■ **Task item**: Please set down each of the lines below once more, exactly, omitting all pictures.

■ **Given data**:

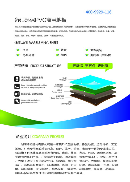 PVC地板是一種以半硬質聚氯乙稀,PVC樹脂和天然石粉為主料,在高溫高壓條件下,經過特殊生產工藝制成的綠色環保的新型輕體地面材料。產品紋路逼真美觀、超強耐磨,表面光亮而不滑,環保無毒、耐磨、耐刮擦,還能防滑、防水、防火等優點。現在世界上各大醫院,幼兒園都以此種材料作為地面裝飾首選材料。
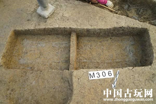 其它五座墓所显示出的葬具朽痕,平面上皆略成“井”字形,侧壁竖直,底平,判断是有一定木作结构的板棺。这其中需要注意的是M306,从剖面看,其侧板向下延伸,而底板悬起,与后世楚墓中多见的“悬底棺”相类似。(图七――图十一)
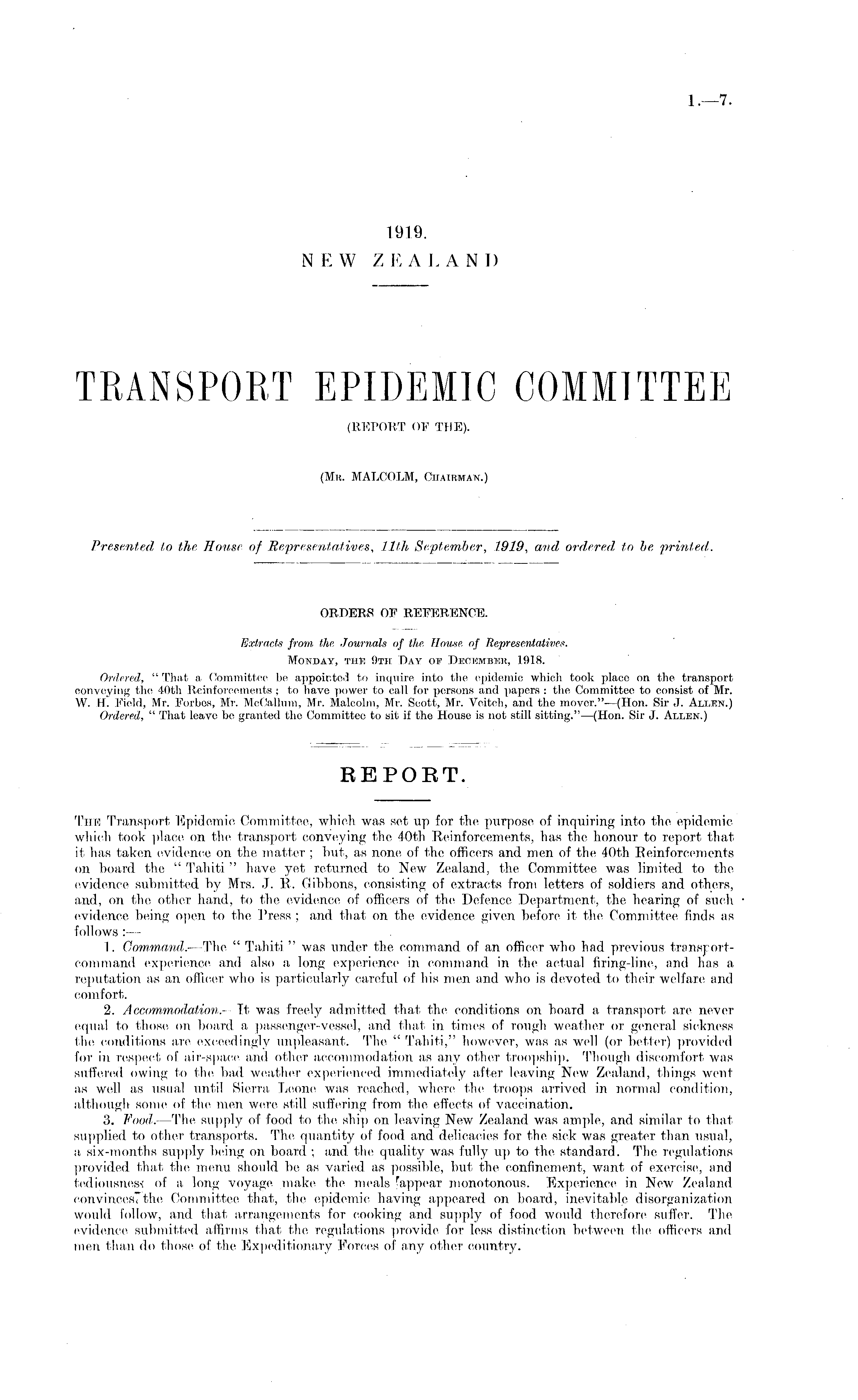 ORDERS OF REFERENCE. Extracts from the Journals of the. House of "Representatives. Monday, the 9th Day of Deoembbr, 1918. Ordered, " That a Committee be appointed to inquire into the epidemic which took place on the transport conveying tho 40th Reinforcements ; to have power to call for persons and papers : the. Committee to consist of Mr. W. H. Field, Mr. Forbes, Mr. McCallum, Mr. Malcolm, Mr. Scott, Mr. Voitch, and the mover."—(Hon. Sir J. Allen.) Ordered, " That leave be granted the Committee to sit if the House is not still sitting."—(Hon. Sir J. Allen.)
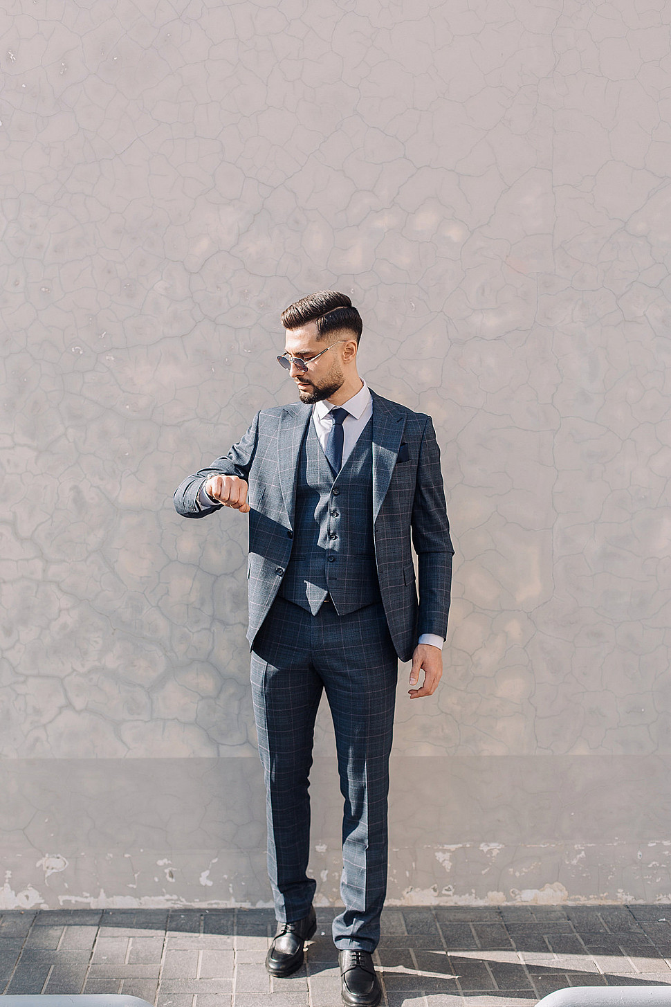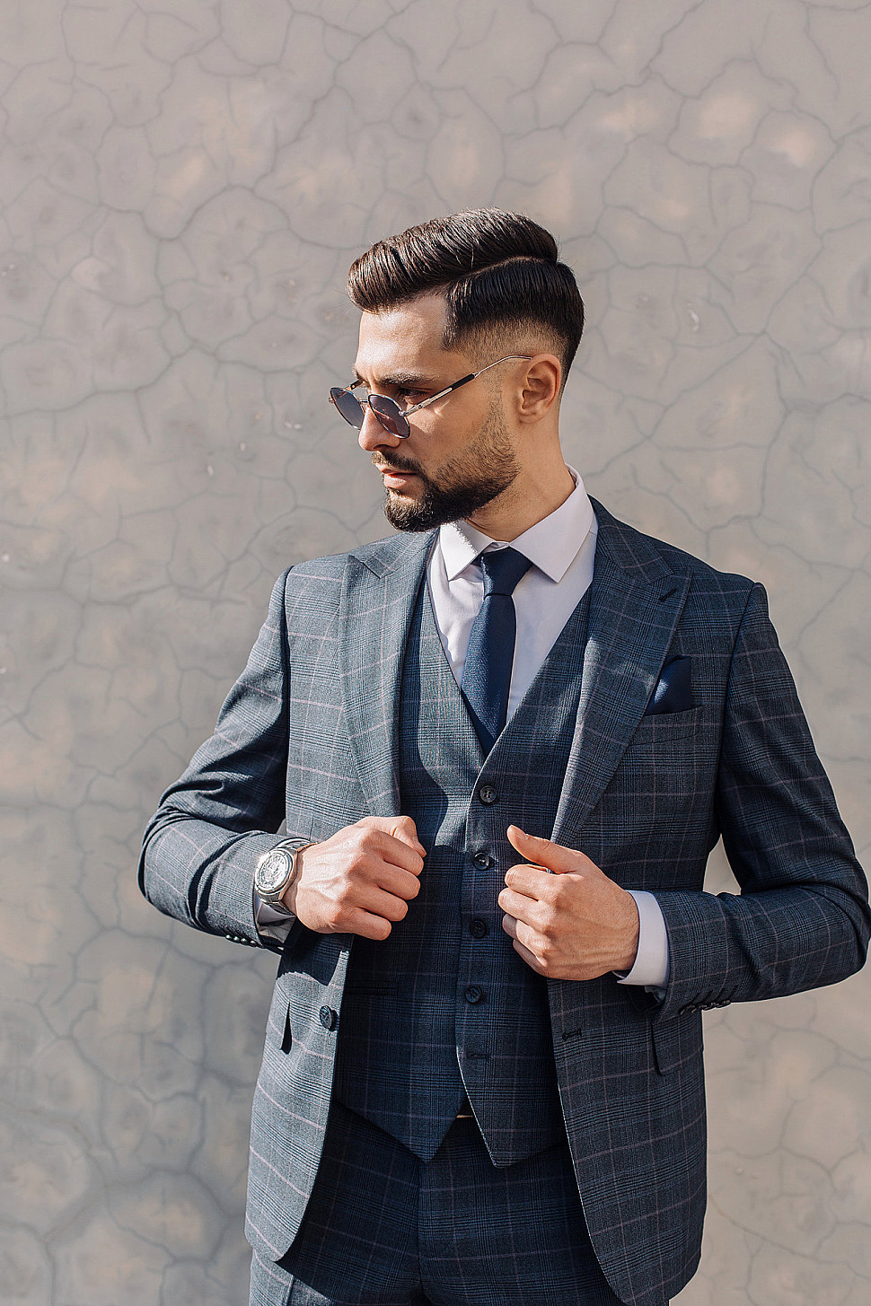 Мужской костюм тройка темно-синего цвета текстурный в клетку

■ **Your response**:
 PVC地板是一種以半硬質聚氯乙稀,PVC樹脂和天然石粉為主料,在高溫高壓條件下,經過特殊生產工藝制成的綠色環保的新型輕體地面材料。產品紋路逼真美觀、超強耐磨,表面光亮而不滑,環保無毒、耐磨、耐刮擦,還能防滑、防水、防火等優點。現在世界上各大醫院,幼兒園都以此種材料作為地面裝飾首選材料。
 其它五座墓所显示出的葬具朽痕,平面上皆略成“井”字形,侧壁竖直,底平,判断是有一定木作结构的板棺。这其中需要注意的是M306,从剖面看,其侧板向下延伸,而底板悬起,与后世楚墓中多见的“悬底棺”相类似。(图七――图十一)
 ORDERS OF REFERENCE. Extracts from the Journals of the. House of "Representatives. Monday, the 9th Day of Deoembbr, 1918. Ordered, " That a Committee be appointed to inquire into the epidemic which took place on the transport conveying tho 40th Reinforcements ; to have power to call for persons and papers : the. Committee to consist of Mr. W. H. Field, Mr. Forbes, Mr. McCallum, Mr. Malcolm, Mr. Scott, Mr. Voitch, and the mover."—(Hon. Sir J. Allen.) Ordered, " That leave be granted the Committee to sit if the House is not still sitting."—(Hon. Sir J. Allen.)
 Мужской костюм тройка темно-синего цвета текстурный в клетку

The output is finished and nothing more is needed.